Jeans. Denim. Dry, washed, rinsed, raw. Destroyed. Distressed. Selvaggge.
I just learned what selvage means: self-edge. As in, the denim fabric is loomed in such a way such that it forms its own seam, no additional overlock necessary. The process renders the denim particularly sturdy. And from my experience, stiff.
If you hadn’t noticed, denim comes in myriad flavors and formats. Sifting through the brands, fits, and colors can be a hearty undertaking, not one I am interested in rehashing each time I need new jeans, hence my reliance on Diesel denim for the past five years.
Problem is, Diesel changed, as brands tend to do. Its legacy denim was made in Italy. In fact, its entire brand image and philosophy was built around premium denim, in a time long before denim was particularly chic. Today, it has lost much of its standard of quality and cool which made it so unique in the first place.
Enter an increasingly sophisticated male buyer, and a collection of boutique denim lines, made in the U.S., Italy, or elsewhere, and competition is suddenly stiff as a dry selvedge.
I also attribute a sliver of fault to myself, for spending more time on my legs in the gym, doing squats and leg presses. The booty has done nothing but expand, much to my suitors’ delight.
My last pairs of Diesel jeans were made in Romania and Tunisia, held up relatively well. Pilling of the fabric, a signal of low quality, afflicted one of them. Both became outdated cuts, with too wide a leg and too tight a seat. Nobody likes being stuffed into sausage casing with bell-bottom legs. Me most of all.

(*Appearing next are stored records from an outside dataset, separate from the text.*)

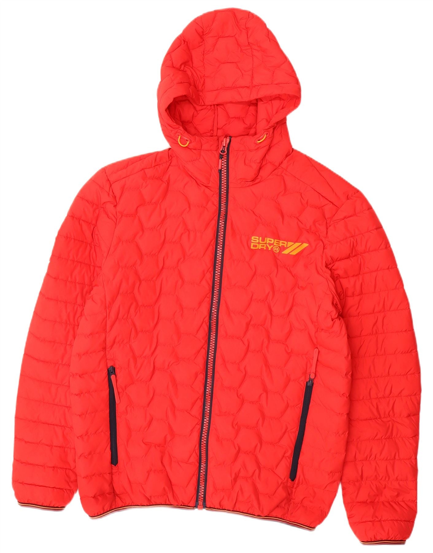 SUPERDRY Mens Hooded Padded Jacket UK 42 XL Red Polyester
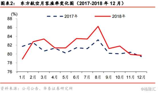 2018全年東航運(yùn)力投放謹(jǐn)慎,同比僅增8.1%;其中國(guó)內(nèi)線因受民航局時(shí)刻緊縮政策影響,同比增8.9%;因?qū)掦w機(jī)引進(jìn)較少,國(guó)際運(yùn)力增速較去年同期縮窄4.1個(gè)百分點(diǎn)至6.8%,顯著低于國(guó)航、南航(國(guó)航、南航2018年同比各增14.1%/13.9%);總需求同比增9.7%,令客座率同比改善1.2個(gè)百分點(diǎn)(南航提升0.2個(gè)百分點(diǎn),國(guó)航下降0.5個(gè)百分點(diǎn))。
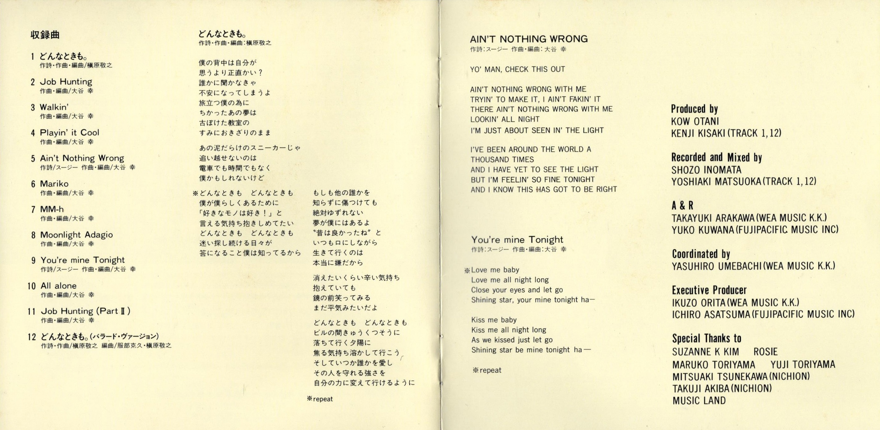 Recorded and Mixed by SHOZO INOMATA, YOSHIAKI MATSUOKA (TRACK 1,12)
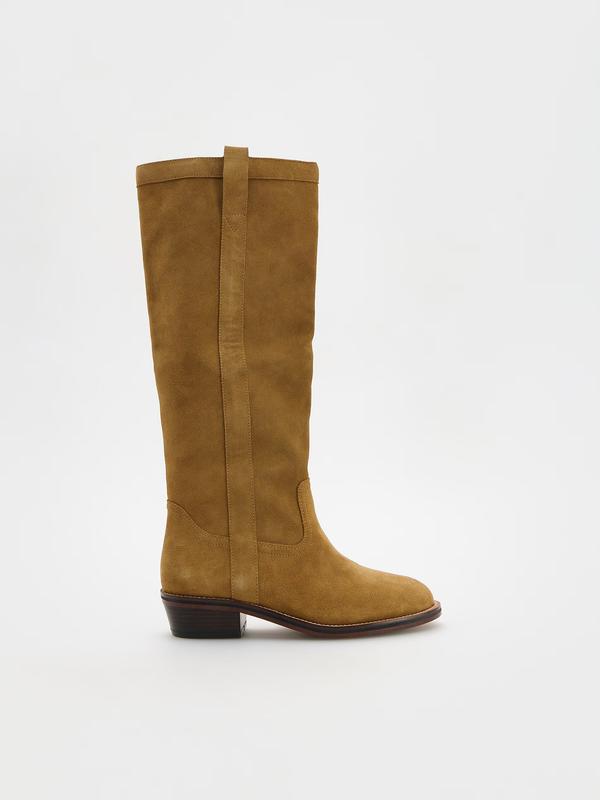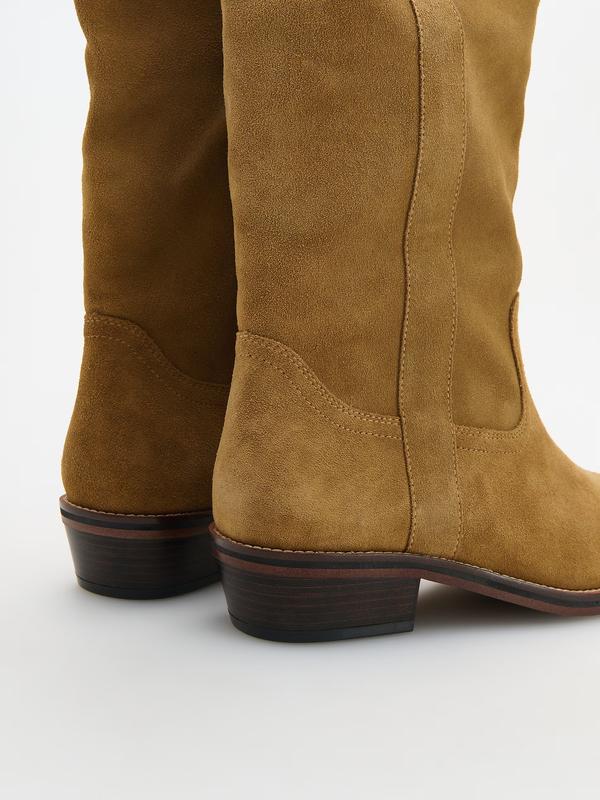 Чоботи типу казаки, виготовлені з натуральної замші. Колір дещо світліший. Одягнулись раз. Розмір повний 39, довжина устілки - 25 см. Ззроблю додаткові фото за потреби.

After a poignant cocktail party in which my straight male friend was better-dressed than I was, with slick jeans as a focal point, I knew I had to reevaluate my denim situation.
I was drawn to the 11-year wash of the Grim Tim Nudie pair I eventually took home, because it was a dark, smoky color somewhere between indigo, gray, and black. And no contrast stitching, a newfangled feature found on clothing to car interiors I can’t stand. Selvage and raw denims tend to have a lot of bright yellow or orange contrasting threads.
Within two weeks, I’d procured my second pair of Nudie Grim Tims, only in a lighter, more casual hue. Both had to be hemmed from 34″ inseams, a small price to pay for the otherwise right pair.
I’m well aware that a jean brand’s appeal is hardly applicable across body types. Like wine, cologne, or hairdressers, everyone has their favorite(s), and how one arrives at one they like is, in part, happenstance. I’m too pessimistic to assume there was a brand made for me.
Disclaimers aside, I must express my positive experience with Nudie. I wanted to check a few boxes in the new denim search: tapered leg (not skinny!), ample seat for the ample tush, made somewhere other than in a factory in China (I’m still an old-world holdout, however illogical that may be), and not $500.
Nudie prices in the $150-$250 range. All jeans are made in Italy, with secondary items (tees, jackets, accessories) made in Italy, Tunisia, and parts of Eastern Europe. Their production process is, at least in brand collateral, based around organic, recyclable jeans, and they tout their full life-cycle process of repairing and reusing old, worn-out jeans.
I can’t speak for the other fits Nudie makes, but the Grim Tim creates a slim, straight leg with room enough for athletic thighs and butts. The fabric is part elastane, allowing for stretch and give where others feel straightjacket tight.
I’d like to explore other adolescent denim brands, like 3×1 and PRPS, as part of this wave of sexy jeans for athletic boys. Gone are the days when you wore either skintight jeans on the verge of leggings (jeggings), or baggy, floppy jeans, a la dad. There was virtually nothing in between.
If you’re like me and know very little about upscale denim brands, but need to upgrade…my advice: head to a department store with lots of options, and if you can, find someone who can objectively access your shape and recommend some likely winners. Without that sort of guidance, your best bet is to just try pairs on, and be prepared for the long haul.
As with most things, but maybe even more with denim, I am picky. Every detail makes a difference, though you can’t spot the nuances from far away. Stretch vs. no stretch? Washed or rinsed, vs. dry? Button fly or zip?
Jean shopping is frustrating, and can feel endless. It can also be exciting, if you consider that with so many options, once you find the one you love, you probably won’t see anyone else with the same pair.
For what my $0.02 is worth, check out Nudie for some high-quality, Scandinavian-via-Italy denim. Locally at Nordstrom International Plaza, or online at Amazon, Revolve, Saks, Neiman Marcus, MR PORTER, and Barney’s.
If you need to get things altered locally, see Angel Custom Tailor. He is wonderful.